Technology & eCommerce Regulation in the Spotlight

The UK Information Commissioner Officer (“ICO“) has published the UK’s International Data Transfer Agreement (“IDTA”). Together with the IDTA, it also published an addendum (“Addendum”) to the European Union’s Standard Contractual Clauses (“New SCCs”) which came into force in September 2021, for transferring of personal data outside the UK. The new IDTA and Addendum will bring the UK contractual data transfer mechanisms in line with the EU adopted New SCCs (see our previous report) in the aftermath of Schrems II.

Although the UK has left the EU, the ICO has aligned its approach towards restricted transfers of personal data under the UK General Data Protection Regulations (“UK GDPR“) with the European Data Protection Board’s Guidelines on the interplay between the territorial scope and international transfer under the EU GDPR (see our report). According to the ICO, transfers of personal data outside the UK will be considered as restricted transfers, regardless of whether the recipient of the data is subject to the UK GDPR or not.

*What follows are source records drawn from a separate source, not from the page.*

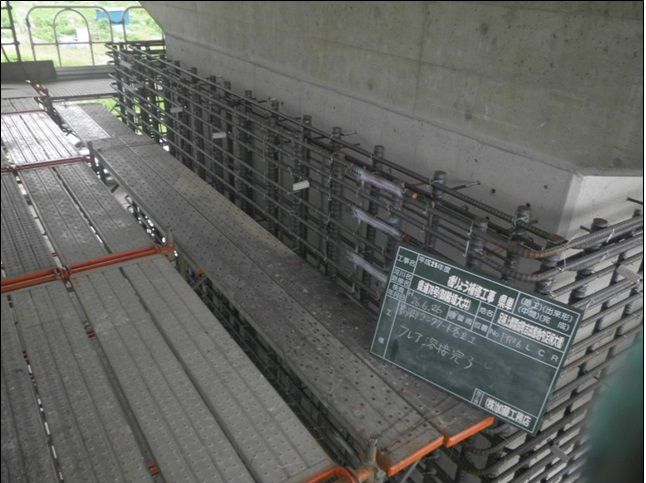 (写真左)県道78号(御殿場大井)足柄大橋コンクリート巻立ての鉄筋組立状況/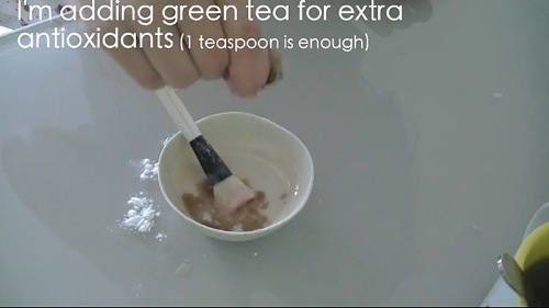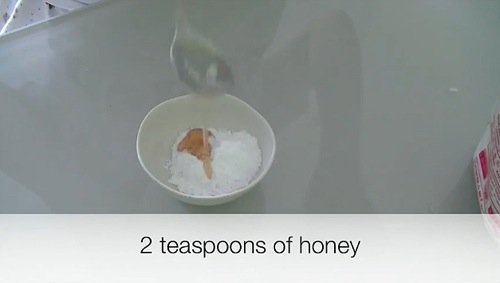 Vẫn tạo dung dịch với nguyên liệu và liều lượng giống mặt nạ đắp mặt, sau đó bạn cho thêm một thìa đường vào dung dịch vừa trộn, rồi dùng tay quết dung dịch lên mặt, mát-xa nhẹ nhàng để dung dịch cùng đường sạn có thể nhẹ nhàng tẩy đi các tế bào chết.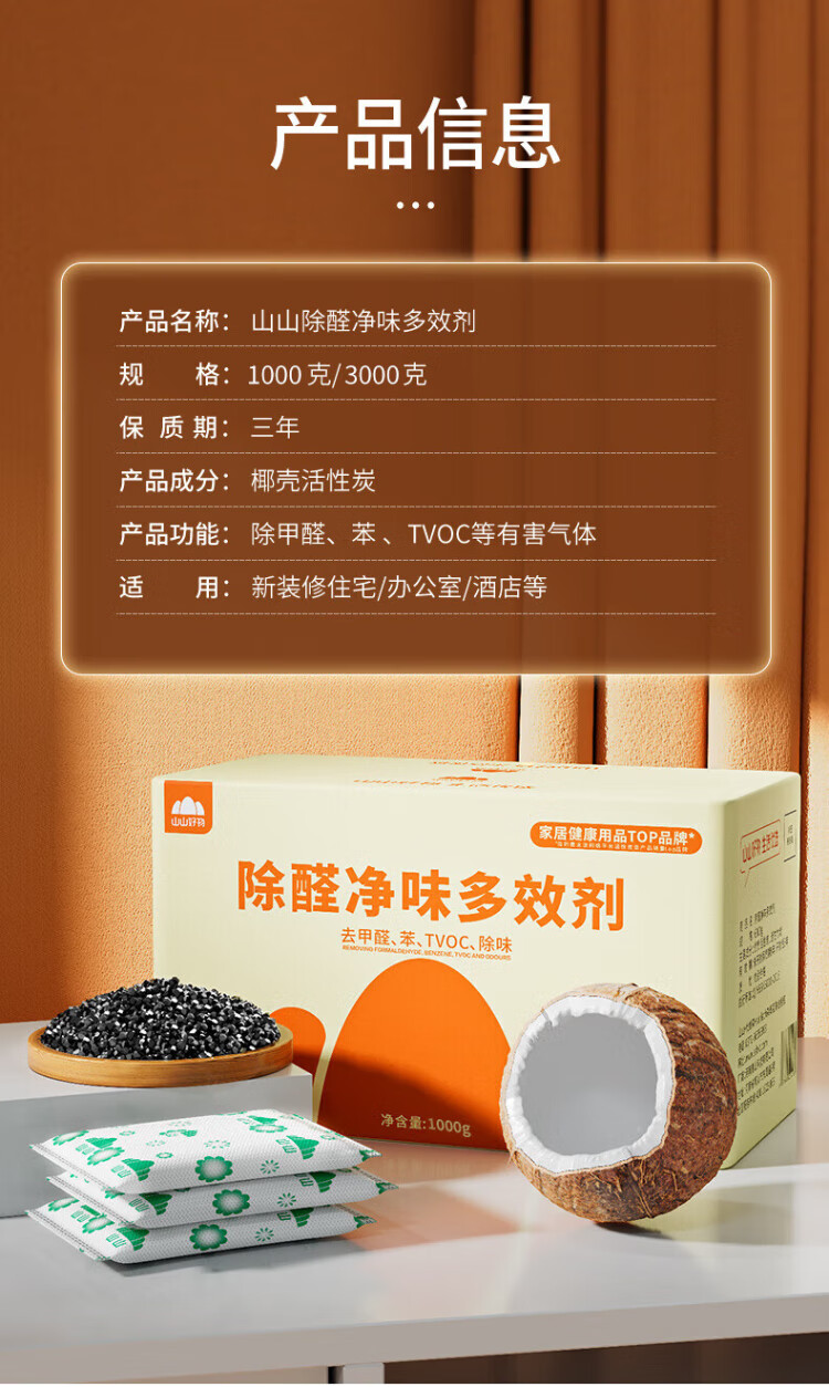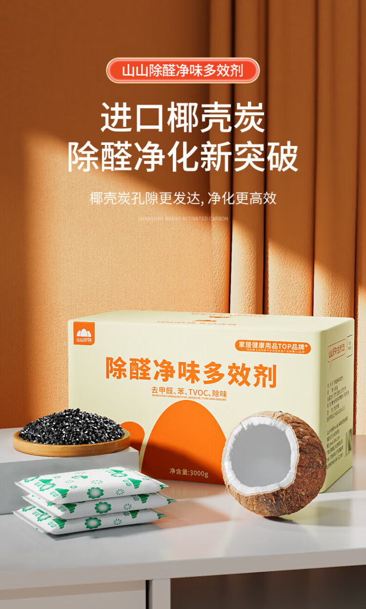 Shanshan formaldehyde removal activated carbon deodorization and formaldehyde removal new house bamboo charcoal household formaldehyde removal orange coconut shell charcoal 3000g

The IDTA is meant to replace the old standard contractual clauses adopted under Directive 95/46 that are still in force under the UK GDPR (“Old SCC“). Unlike the New SCCs, which are comprised of four different modules according to the respective roles of the data importer and exporter (controllers or processors), the IDTA is a unified agreement that should apply regardless of the respective roles, with the exception of specific clauses. Additionally, and contrary to the New SCCs that do not account for transfers of data to data importers that are subject to the EU GDPR under Article 3(2), the IDTA covers all transfers of personal data outside the UK, including to data importers that are subject to the UK GDPR.

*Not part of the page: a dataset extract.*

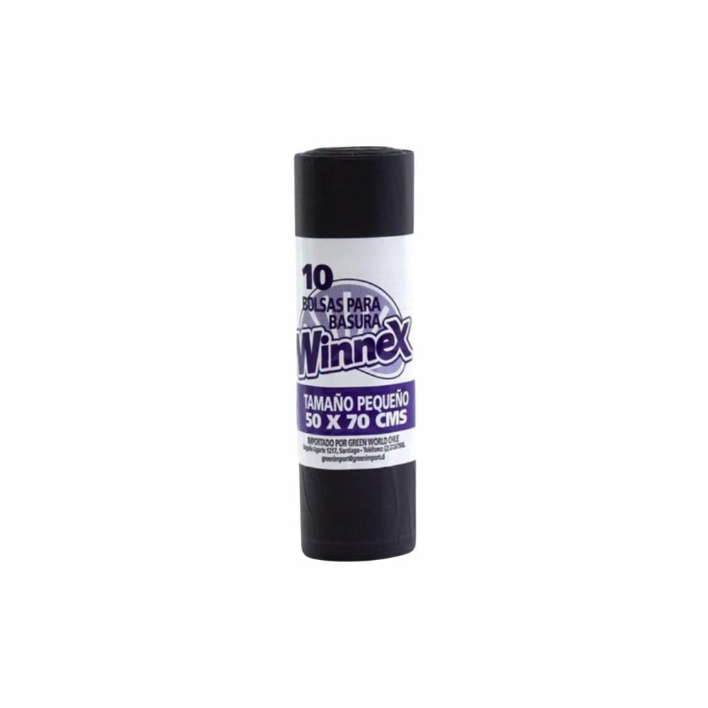 Bolsa de basura marca Winnex, fabricada en material resistente para uso domestico e institucional. Apta para residuos livianos. Formato 50×70 cm. Paquete de 10 unidades

The Addendum, on the other hand, allows data exporters who operate both in the EU and the UK to continue relying on the New SCCs, instead of signing the IDTA, simply by entering into the Addendum, which adds on top of the New SCCs and tailors the New SCCs to cover data transfers under the UK GDPR.   

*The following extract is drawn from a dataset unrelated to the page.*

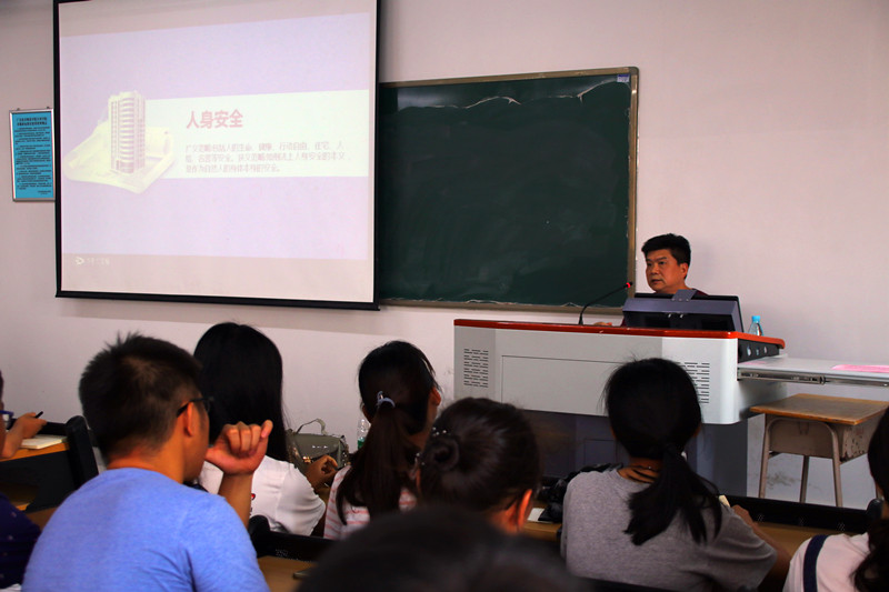 谭书记授课的主题是《大学生思想政治安全》。谭书记从国家安全、心理安全、人身安全、财产安全、网络安全、消防安全和社交安全等七个方面做了详细解读。授课过程,旁征博引,以例为证,循循善诱,利用身边的案例把授课的内容引入到同学们的学习、工作和生活当中。

Similarly to the requirements under the EU GDPR and its New SCCs, data exporters which are subject to the UK GDPR will be required to carry out a Transfer Risk Assessment (“TIA”) prior to transferring personal data outside the UK. The ICO is intended to publish a TIA tool that will assist data exporters in assessing and documenting the risks associated with the transfers of data. In addition, the ICO plans on publishing guidance on the use of the IDTA and Addendum and further clarification for international transfers.

The IDTA and the Addendum have been laid before the UK parliament, together with a document setting the transitional provisions, and are expected to come into force on 21 March 2022 unless the UK parliament raises objections. However, the ICO noted that those are for immediate use by organization transferring personal data outside the UK, signaling that the ICO does not expect material changes by the parliament.

Agreements concluded on or before 21 September 2022 on the basis of Old SCCs will continue to provide appropriate safeguards, without migrating to the IDTA or the Addendum, until 21 March 2024 for the purposes of the UK GDPR, provided that the processing operations and the subject matter of the agreements remain unchanged and reliance on them ensures that the transfer o is subject to appropriate safeguards.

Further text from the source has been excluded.